Chromosom 13
Chromosom 13 | |
---|---|
Cechy | |
Długość ( bp ) |
113 566 686 pz (CHM13) |
Liczba genów | 308 ( CCDS ) |
Typ | autosom |
Pozycja centromeru |
Akrocentryczny (17,7 Mb/s) |
Kompletne listy genów | |
CCDS | Lista genów |
HGNC | Lista genów |
UniProt | Lista genów |
NCBI | Lista genów |
Zewnętrzne przeglądarki map | |
zespół | Chromosom 13 |
Entrez | Chromosom 13 |
NCBI | Chromosom 13 |
UCSC | Chromosom 13 |
Pełne sekwencje DNA | |
RefSeq | NC_000013 ( SZYBKA ) |
GenBank | CM000675 ( SZYBKO ) |
Chromosom 13 jest jedną z 23 par chromosomów u ludzi . Ludzie zwykle mają dwie kopie tego chromosomu. Chromosom 13 obejmuje około 113 milionów par zasad (materiał budulcowy DNA ) i stanowi od 3,5 do 4% całkowitego DNA w komórkach .
Geny
Liczba genów
Poniżej przedstawiono niektóre szacunki liczby genów ludzkiego chromosomu 13. Ponieważ naukowcy stosują różne podejścia do adnotacji genomu , ich przewidywania liczby genów na każdym chromosomie są różne (szczegóły techniczne można znaleźć w przewidywaniu genów ).
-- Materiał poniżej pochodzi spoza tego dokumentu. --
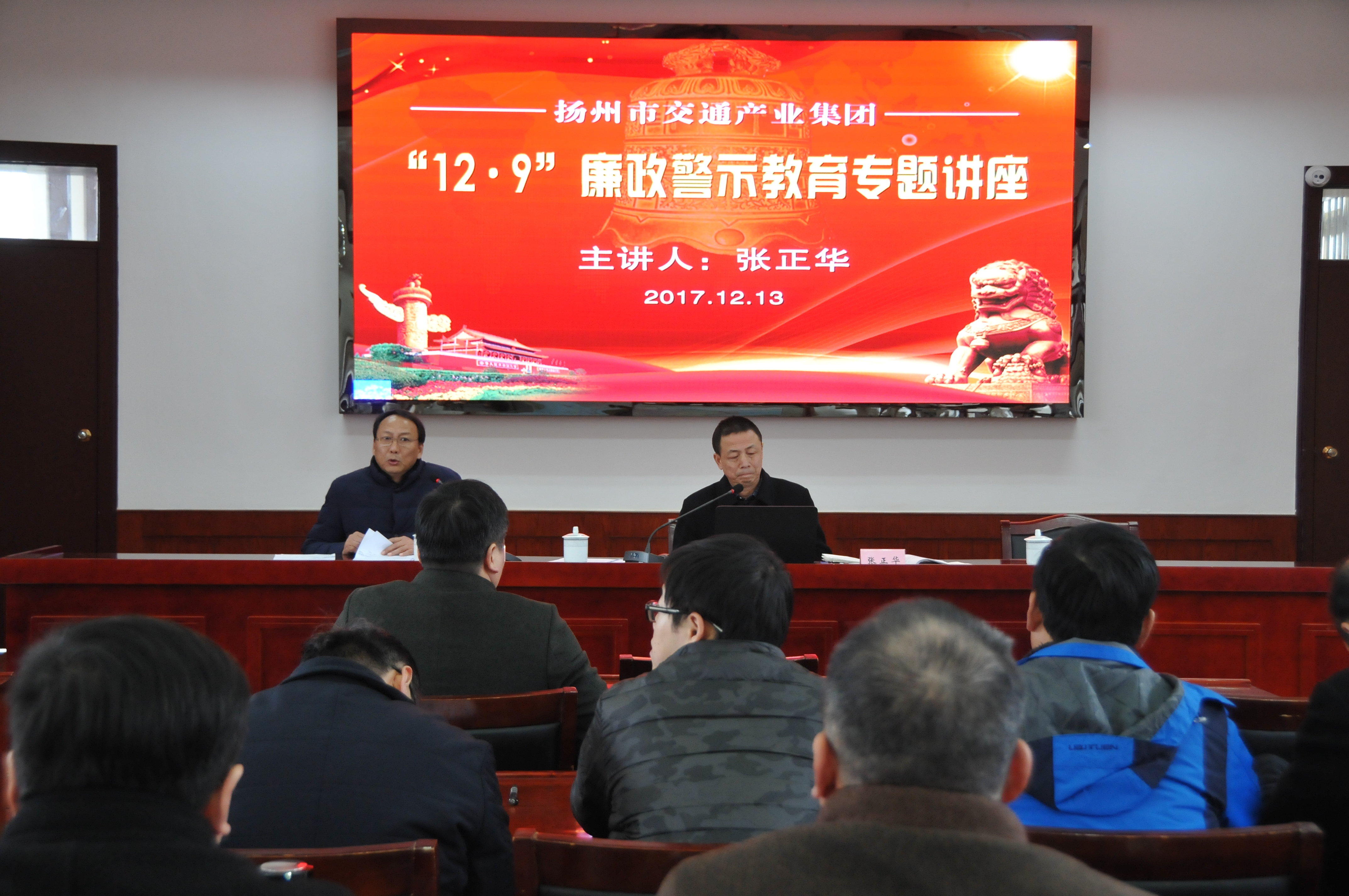 12月13日下午,市交通產(chǎn)業(yè)集團(tuán)在市級(jí)機(jī)關(guān)工委黨校舉辦“12.9”廉政警示教育專題講座;顒(dòng)由交通產(chǎn)業(yè)集團(tuán)黨委副書記王寧生主持,邀請(qǐng)市紀(jì)委第十派駐紀(jì)檢組組長(zhǎng)張正華主講,系統(tǒng)內(nèi)黨員干部近百人現(xiàn)場(chǎng)聆聽講座。揚(yáng)汽集團(tuán)總經(jīng)理、黨委書記曹遠(yuǎn)志等班子成員及各部門、單位黨政負(fù)責(zé)人30余人參加活動(dòng)。

Wśród różnych projektów wspólny projekt sekwencji kodowania konsensusu ( CCDS ) przyjmuje niezwykle konserwatywną strategię. Tak więc prognoza liczby genów CCDS stanowi dolną granicę całkowitej liczby genów kodujących ludzkie białka.
Oszacowany przez | Geny kodujące białka | Niekodujące geny RNA | Pseudogenes | Źródło | Data wydania |
---|---|---|---|---|---|
CCDS | 308 | — | — | 2016-09-08 | |
HGNC | 309 | 323 | 469 | 2017-05-12 | |
zespół | 324 | 586 | 373 | 2017-03-29 | |
UniProt | 329 | — | — | 2018-02-28 | |
NCBI | 343 | 622 | 481 | 2017-05-19 |
Lista genów
Poniżej znajduje się częściowa lista genów na ludzkim chromosomie 13. Aby uzyskać pełną listę, zobacz link w infoboksie po prawej stronie.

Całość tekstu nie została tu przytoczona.